まだ外は夜が明け切ってはいないようだ。今が一日のうちで最も寒い時間帯なのは間違いない。しかし部屋はエアコンによって調整されているので、寒さがどれほどのものなのかわからない。
「どうせまた単衣に着替えるんだろう? どこで?」
「禊ぎの場への出口の小部屋だ。そこに桜木も行かせてある」
遥が寝ている間に隆人はいろいろ手配をすませてくれたようだ。
「ついてこい」
隆人に従い部屋を出る。
一族全体が関わる披露目や、地元の者や加賀谷精機が関わる捧実の儀と違い、年越しの儀は夏鎮めの儀同様、加賀谷本家の行事とのことだった。その内容は秘事とされ、分家を含めた外部の者には隠されている。関わる者は全員が鳳によってその忠誠を認められた者ばかりで、更にこの儀式についていっさい他言しないと誓わされる。遥の世話係として今回から関わることになった桜木も到着時に誓約書を書いたと則之が言っていた。
廊下を進むにつれ徐々に瀧の水音が聞こえてくる。それだけで震えが来そうだ。
隆人が禊ぎの場へ続く戸口のすぐそばにある部屋のドアを開けた。中へ入った隆人に続こうとして、遥は室内のむっとするような熱気に一瞬息が止まった。
隆人は小部屋と言ったが、十畳以上はありそうな部屋だ。全体が暖められ、そこに袴姿の則之・諒・基と、樺沢碧と紫がいつもどおり着物で控えていた。樺沢は隆人の仕度を、桜木は遥の仕度をそれぞれ手伝うのが決まりだ。

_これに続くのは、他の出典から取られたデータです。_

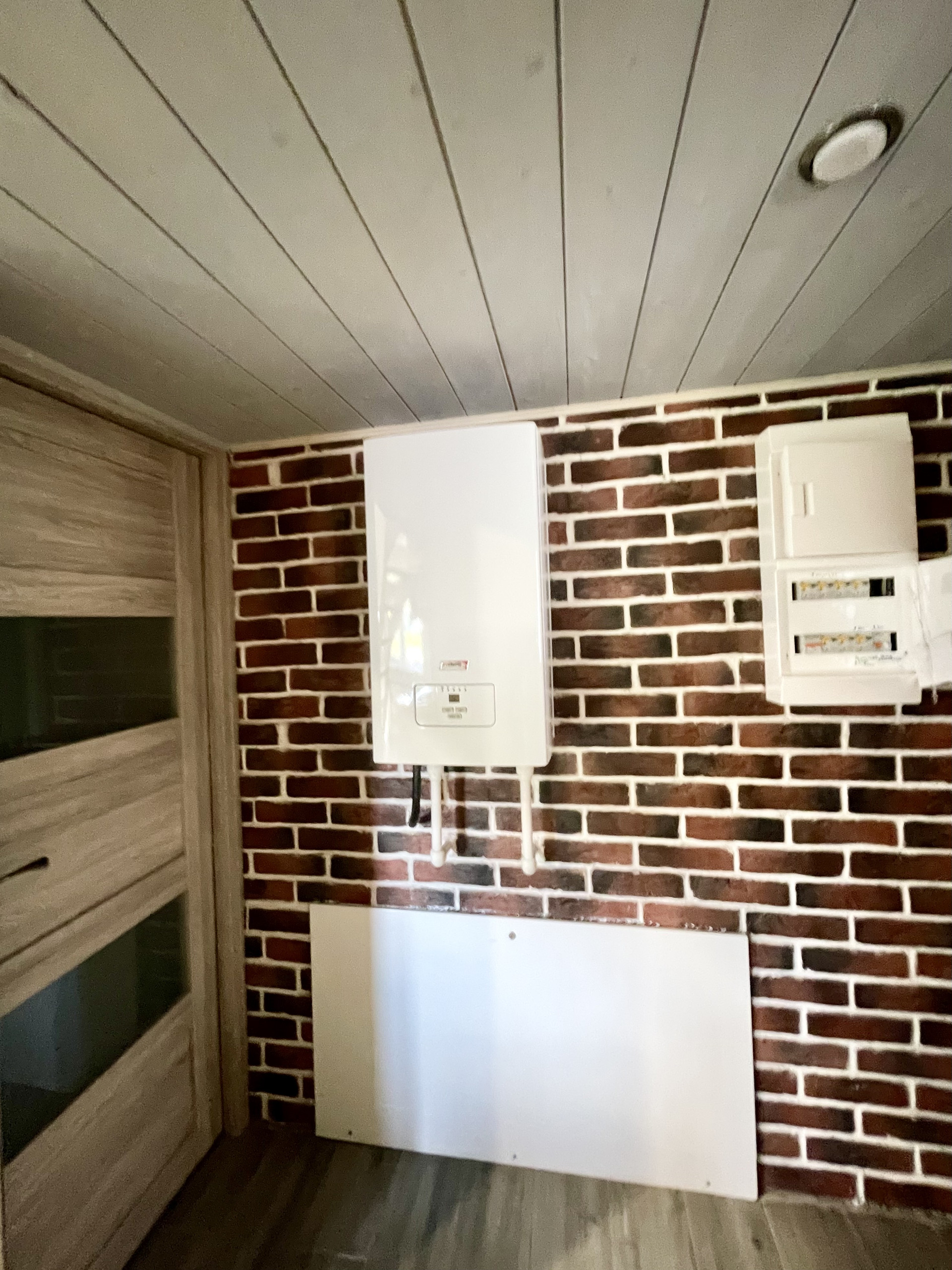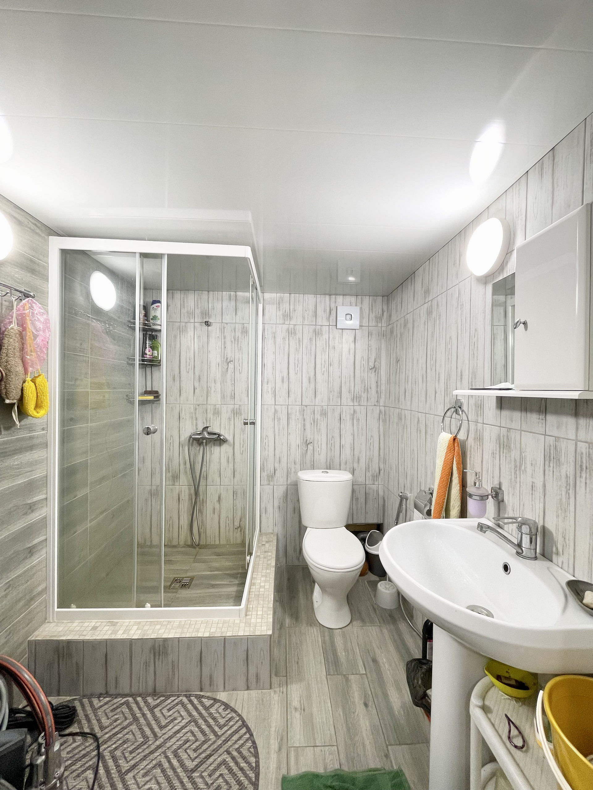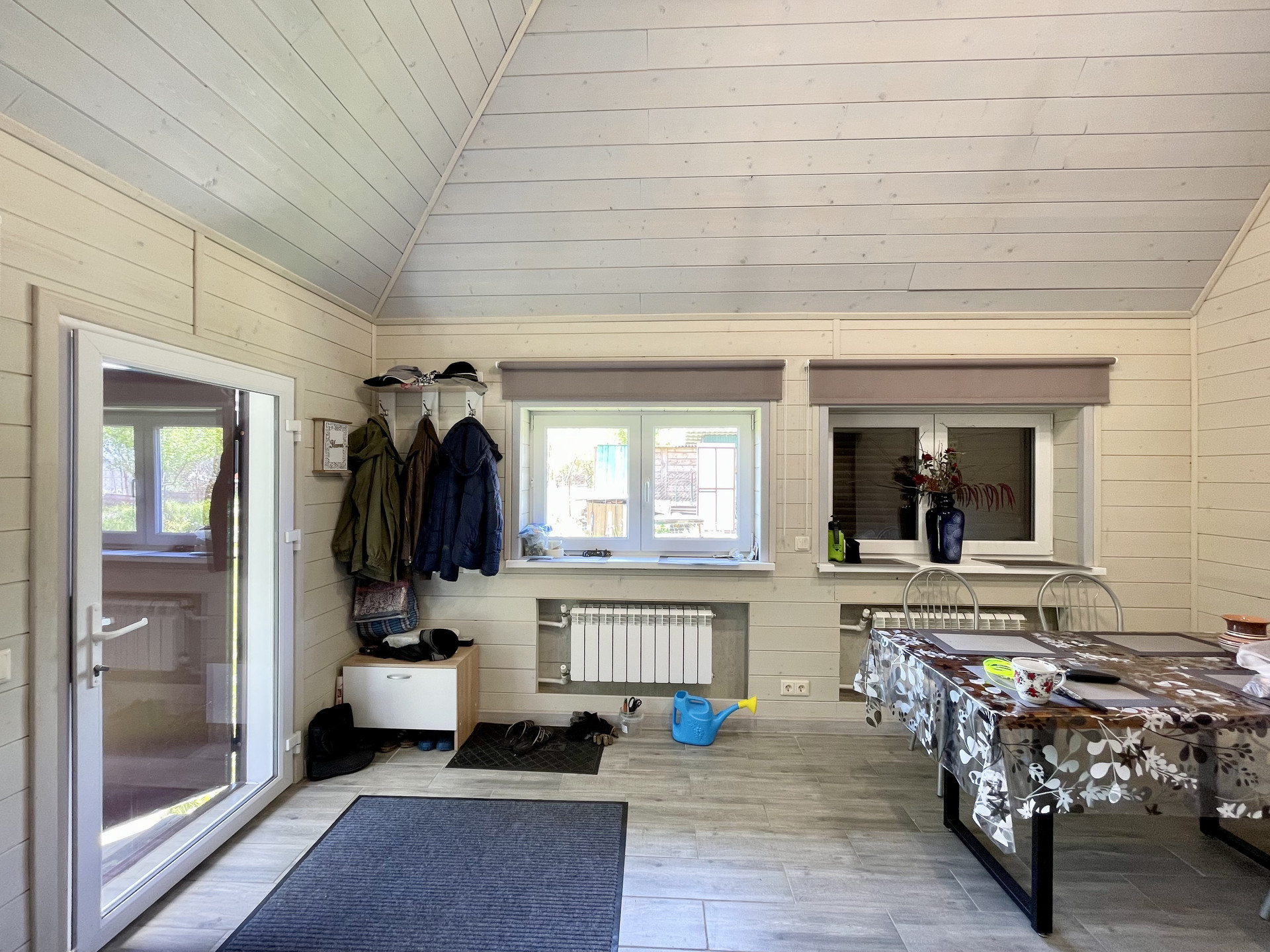 В доме новый современный ремонт, много света и воздуха, санузел с душевой кабиной в плитке, электрический котел, биметаллические батареи, теплый пол по всему дому. На полу плитка. Везде установлены пластиковые окна и рольставни. Две входные двери-пластиковая и железная.

着替え前にまず茶を勧められた。一口飲んで遥はむせた。濃い緑茶だと思って口をつけたら、異常に甘かったのだ。咳きこみながら茶碗を掲げた。
「な、何だこれ」
「茶だ」
さっさと飲み終えた隆人が茶碗を紫に渡している。
「茶はわかってる。どうして甘いんだよ」
「食事の代わりだ。こういう形で糖分を補給しておかないと、本当に倒れるからな」
遥は再びこわごわ茶碗に唇をつける。隆人はもうパジャマを脱ぎはじめている。
「紅茶に砂糖を入れるだろう? 緑茶もまた茶だからな、甘みを足したところでおかしくあるまい。抹茶のアイスクリームも甘いぞ」
言われればその通りだ。おいしいとは言わないが、まずくもない。遥は残りを一気に飲み干した。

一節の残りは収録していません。